What this North Star Metric can be will vary. For some products, it can be daily/weekly/monthly active users. It can be retention rates. It’s the one metric that you want to focus on above all others to deliver value to the customer.
Again, with so much data that you can collect, it’s easy to miss the forest for the trees. There’s a quote, like many, that are misattributed to Albert Einstein that says:
Not everything that counts can be counted, and not everything that can be counted counts.
Find your North Star Metric, find the ways to collect the data, and combine that with customer interviews and surveys to build the best possible product.

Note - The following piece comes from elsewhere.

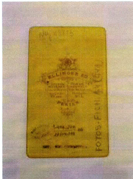
Fig. 1 – Modelo de carimbagem e atribuição de número de registro em documento bibliográfico

The benefit of using a data warehouse with a business intelligence tool is that your company has complete control over the data you collect, how you analyze it, and what you use it for. On the downside, running this option requires dedicated, knowledgeable employees. It can also be costly and take a long time to set up.
On the other hand, a cloud-based analytic tool frees companies from maintenance. These tools can also be much more user friendly because they are designed to answer the metric-based questions you’ll be asking. The only thing to really take into consideration is the variety of analytic tools available.
Many programs track usage metrics and display them as something usable, but they have different features. You’ll want to research which ones are the best for your needs before choosing one.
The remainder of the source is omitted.